Recorded data

-.-.-

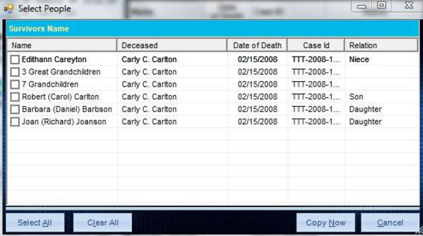 Once you have selected a case to copy survivors from the “Select People” window will open to choose which survivors from that case you wish to copy.
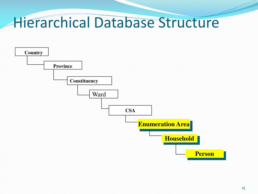 Country Province Constituency Ward CSA EnumerationArea Household Person Hierarchical Database Structure
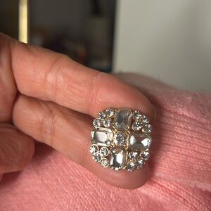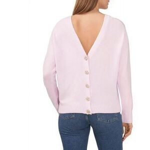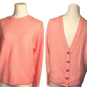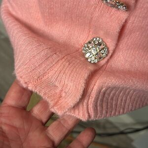 CeCe Vintage 50’s Inspired Jeweled Crystal Embellished Two-Way Oversized Fit Pink Snuggly Soft Knit Cardigan Sweater Sz XS. ( a size small could easily wear this as well ) Can be worn with the buttons deep V side in the front or the back ! Peachy pink beautiful color . Purchased at Macy’s for $79 . Excellent condition no snags , holes or pilling . One of the jeweled “buttons” is missing ( it’s the bottom one ) . The snap closure is still there. You could easily get creative by replacing it with something fun or tuck that bottom of your sweater into the waist of your pants or skirt . Anyway sweater is too pretty not to list it and other than the missing button it’s just excellent. I would reinforce the other buttons :)
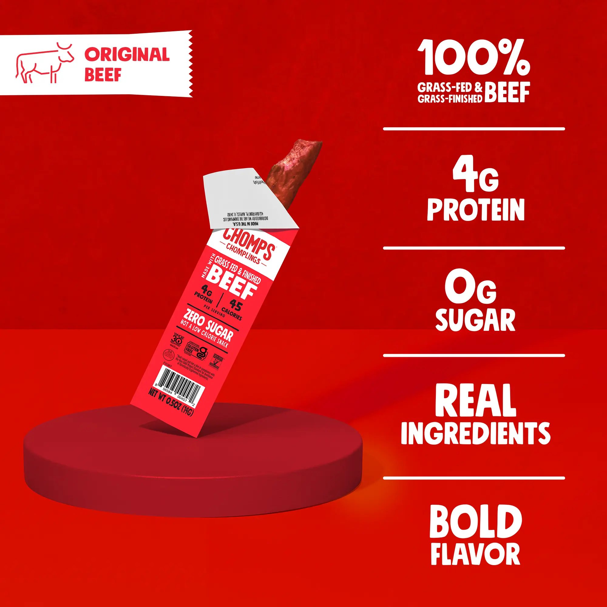 Chomps Original Flavor grass-fed and finished mini beef jerky features the same savory taste that first made Chomps popular: slightly smoky and slightly spicy. The taste is sure to make every snack time a mouthwatering experience. We use grass-fed and finished beef so you can feel good about what you and your family are eating.
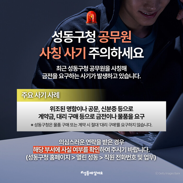 | ▲ 공무원 사칭 사기 주의 성동구청 SNS 홍보 이미지. (사진=성동구청 제공) |
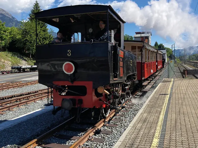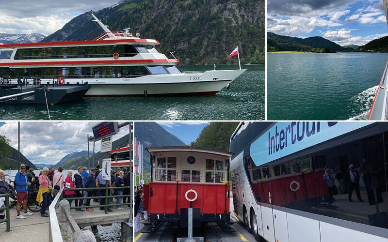 Erster Höhepunkt: Die Achenseebahn von Jenbach an den Seespitz des Achensees. Auf einer Strecke von 6,76 km überwindet sie als Dampfzahnradbahn 440 Höhenmeter mit teilweise 16 % Steigung. Der Zugführer klettert dabei wie ein Zampano während der Fahrt von einem Abteil zum anderen um die Tickets zu lochen und sorgt so für zusätzliche Unterhaltung. Mit zischen und dampfen fahren wir, in reservierten Wagen, durch eine wunderschöne Landschaft hinauf an den See.
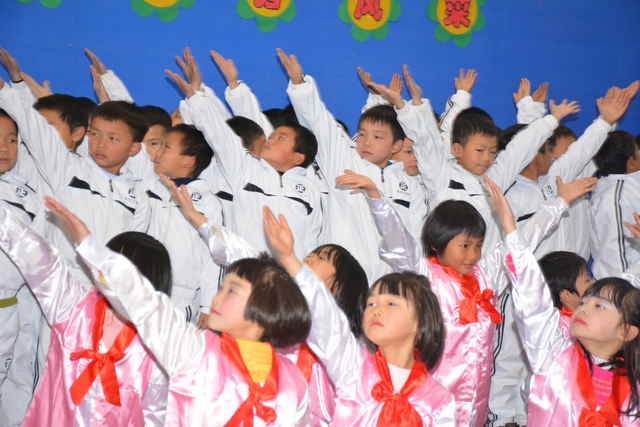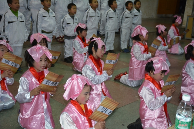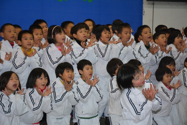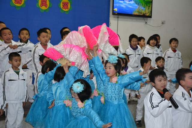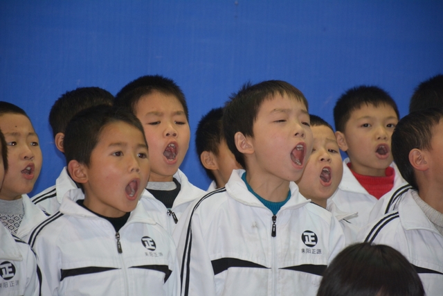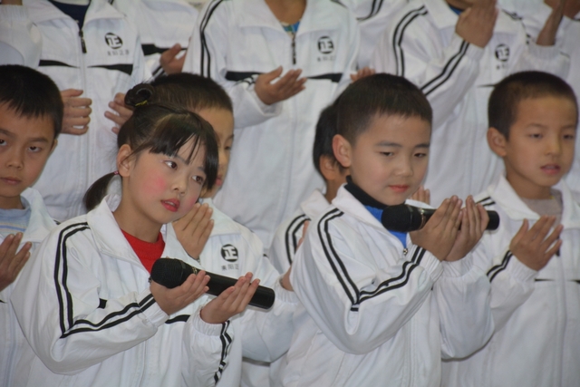 “别紧张、放轻松、你们是最棒的!”在老师的带领和鼓励下,各个班级依次上场。一开场,312班孩子们带来的《植物妈妈有办法》就令人耳目一新:舞台上,孩子们时而摇头晃脑,时而微闭双眼,时而低头沉思,时而载歌载舞。在晴朗辽阔的蓝天下,在正源这块肥沃的土地上,在《田家四季歌》里,我们倾听了孩子们的心愿《我真希望》; “明月几时有,把酒问青天…….” 听!优美的童声演唱绝不亚于王菲啊,叫人难以移步;瞧!众多学生半跪地上,一男孩趴在地上,他们身着古服,模仿古人吟诵《明日歌》时的一言一语,抑扬顿挫,听起来煞是有趣。“床前的月光,窗外的雪,高飞的白鹭,浮水的鹅,边塞的战士,回乡的客…..”一群小勇士们慷慨激昂地把一个不朽的、富有传奇色彩而又真切动人的故事——《木兰辞》呈现在观众眼前;《诵四季》《游子吟》《古诗串烧》伴随着古典音乐,朴实又新鲜,孩子们边吟边唱边演,有板有眼,声情并茂。孩子们赋予这些脍炙人口的诗篇全新的生命力,让之前只存在于平面中的人、事、物都“活”起来,变为栩栩如生的立体画面,他们身临其境地感受了诗文的魅力,领悟了国学的风韵。
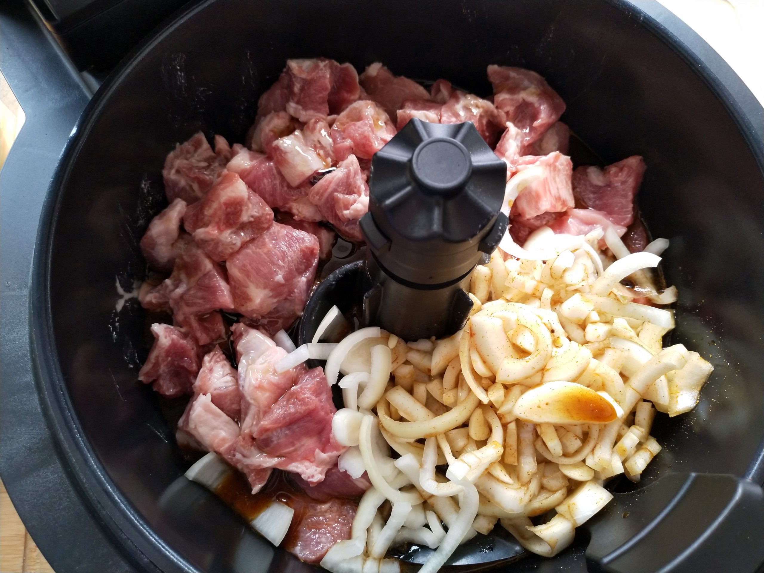 2. Fleisch in die Tefal ActiFry-Schüssel geben, daneben die Zwiebeln und den Knoblauch. Alles mit der Sauce übergießen und im Programm 8 für 30min garen. Den Lauch klein schneiden und nach 20min zum Fleisch dazugeben.
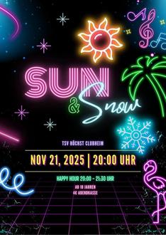 Am Freitag, den 21.11. findet ab 20:00 Uhr im Clubheim der TSV-Fußballer Sun & Snow statt.
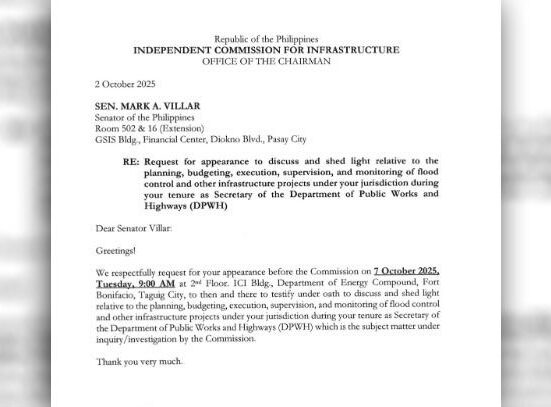 PINADALHAN na ng imbitasyon ng Independent Commission for Infrastructure o ICI si Senator Mark Villar para.
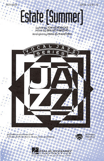 Estate (Summer)Publisher: Hal LeonardCategory: ChoralSeries: Jazz ChoralsFormat: CDA favorite of jazz artists around the globe, this setting features a great groove and lyrics that sing of summer love lost.Available separately: SATB, IPak(R) and ShowTrax CD. Performance...Regular price $27.99
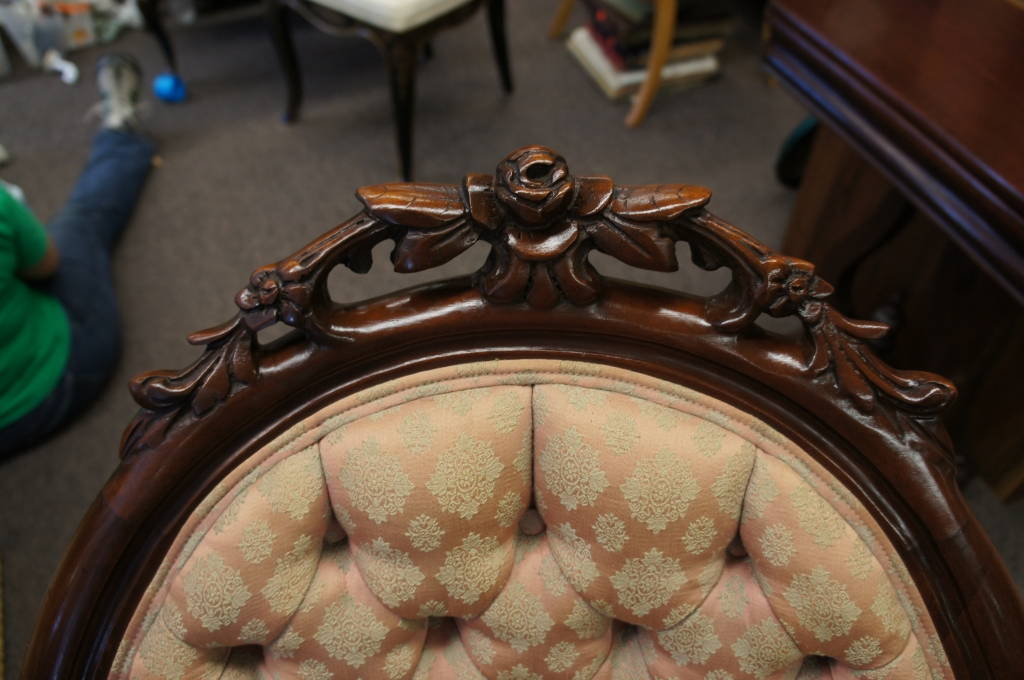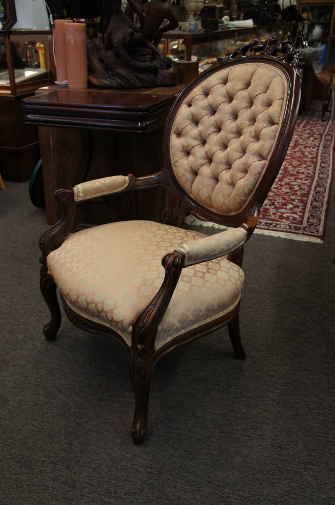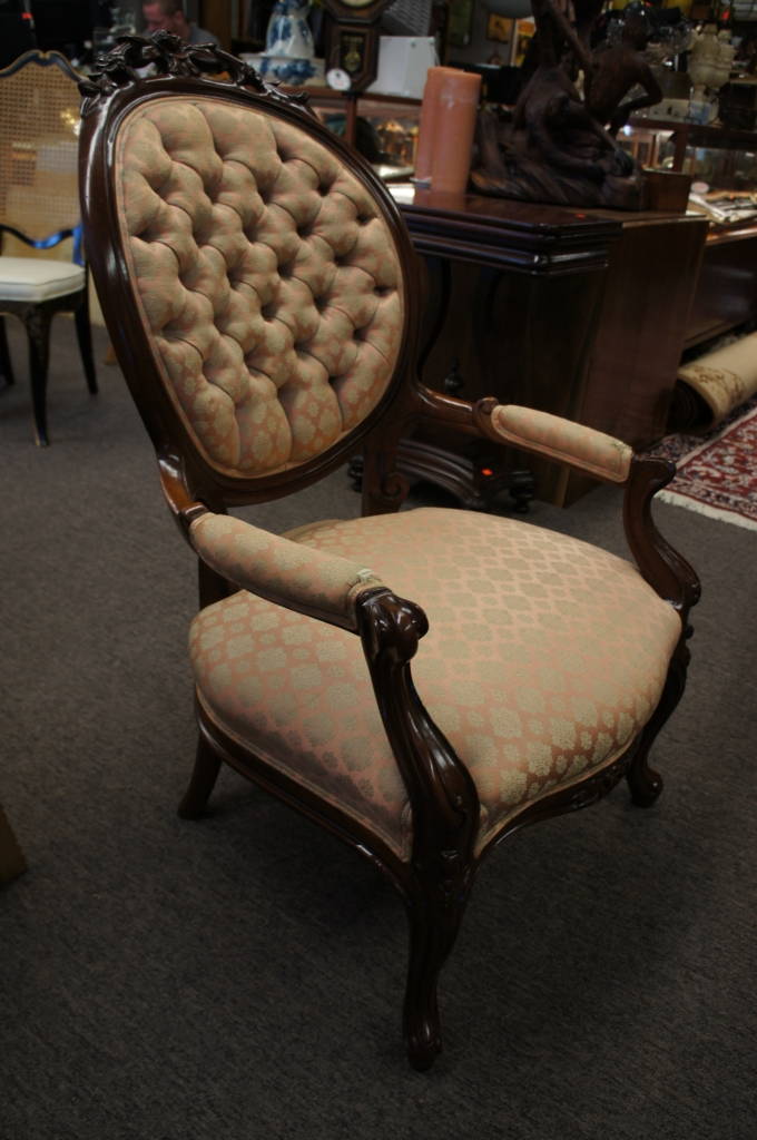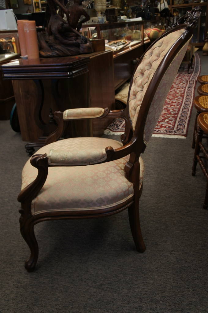 Vintage Louis XV Style French Oval Back Tufted Arm Occasional Chair Rococo Salon

-.-.-

__PROBLEM REQUIREMENTS__.
Without the pictures, retype all of the data above exactly.

__COMPLETED TASK__.
 Once you have selected a case to copy survivors from the “Select People” window will open to choose which survivors from that case you wish to copy.
 Country Province Constituency Ward CSA EnumerationArea Household Person Hierarchical Database Structure
 CeCe Vintage 50’s Inspired Jeweled Crystal Embellished Two-Way Oversized Fit Pink Snuggly Soft Knit Cardigan Sweater Sz XS. ( a size small could easily wear this as well ) Can be worn with the buttons deep V side in the front or the back ! Peachy pink beautiful color . Purchased at Macy’s for $79 . Excellent condition no snags , holes or pilling . One of the jeweled “buttons” is missing ( it’s the bottom one ) . The snap closure is still there. You could easily get creative by replacing it with something fun or tuck that bottom of your sweater into the waist of your pants or skirt . Anyway sweater is too pretty not to list it and other than the missing button it’s just excellent. I would reinforce the other buttons :)
 Chomps Original Flavor grass-fed and finished mini beef jerky features the same savory taste that first made Chomps popular: slightly smoky and slightly spicy. The taste is sure to make every snack time a mouthwatering experience. We use grass-fed and finished beef so you can feel good about what you and your family are eating.
 | ▲ 공무원 사칭 사기 주의 성동구청 SNS 홍보 이미지. (사진=성동구청 제공) |
 Erster Höhepunkt: Die Achenseebahn von Jenbach an den Seespitz des Achensees. Auf einer Strecke von 6,76 km überwindet sie als Dampfzahnradbahn 440 Höhenmeter mit teilweise 16 % Steigung. Der Zugführer klettert dabei wie ein Zampano während der Fahrt von einem Abteil zum anderen um die Tickets zu lochen und sorgt so für zusätzliche Unterhaltung. Mit zischen und dampfen fahren wir, in reservierten Wagen, durch eine wunderschöne Landschaft hinauf an den See.
 “别紧张、放轻松、你们是最棒的!”在老师的带领和鼓励下,各个班级依次上场。一开场,312班孩子们带来的《植物妈妈有办法》就令人耳目一新:舞台上,孩子们时而摇头晃脑,时而微闭双眼,时而低头沉思,时而载歌载舞。在晴朗辽阔的蓝天下,在正源这块肥沃的土地上,在《田家四季歌》里,我们倾听了孩子们的心愿《我真希望》; “明月几时有,把酒问青天…….” 听!优美的童声演唱绝不亚于王菲啊,叫人难以移步;瞧!众多学生半跪地上,一男孩趴在地上,他们身着古服,模仿古人吟诵《明日歌》时的一言一语,抑扬顿挫,听起来煞是有趣。“床前的月光,窗外的雪,高飞的白鹭,浮水的鹅,边塞的战士,回乡的客…..”一群小勇士们慷慨激昂地把一个不朽的、富有传奇色彩而又真切动人的故事——《木兰辞》呈现在观众眼前;《诵四季》《游子吟》《古诗串烧》伴随着古典音乐,朴实又新鲜,孩子们边吟边唱边演,有板有眼,声情并茂。孩子们赋予这些脍炙人口的诗篇全新的生命力,让之前只存在于平面中的人、事、物都“活”起来,变为栩栩如生的立体画面,他们身临其境地感受了诗文的魅力,领悟了国学的风韵。
 2. Fleisch in die Tefal ActiFry-Schüssel geben, daneben die Zwiebeln und den Knoblauch. Alles mit der Sauce übergießen und im Programm 8 für 30min garen. Den Lauch klein schneiden und nach 20min zum Fleisch dazugeben.
 Am Freitag, den 21.11. findet ab 20:00 Uhr im Clubheim der TSV-Fußballer Sun & Snow statt.
 PINADALHAN na ng imbitasyon ng Independent Commission for Infrastructure o ICI si Senator Mark Villar para.
 Estate (Summer)Publisher: Hal LeonardCategory: ChoralSeries: Jazz ChoralsFormat: CDA favorite of jazz artists around the globe, this setting features a great groove and lyrics that sing of summer love lost.Available separately: SATB, IPak(R) and ShowTrax CD. Performance...Regular price $27.99
 Vintage Louis XV Style French Oval Back Tufted Arm Occasional Chair Rococo Salon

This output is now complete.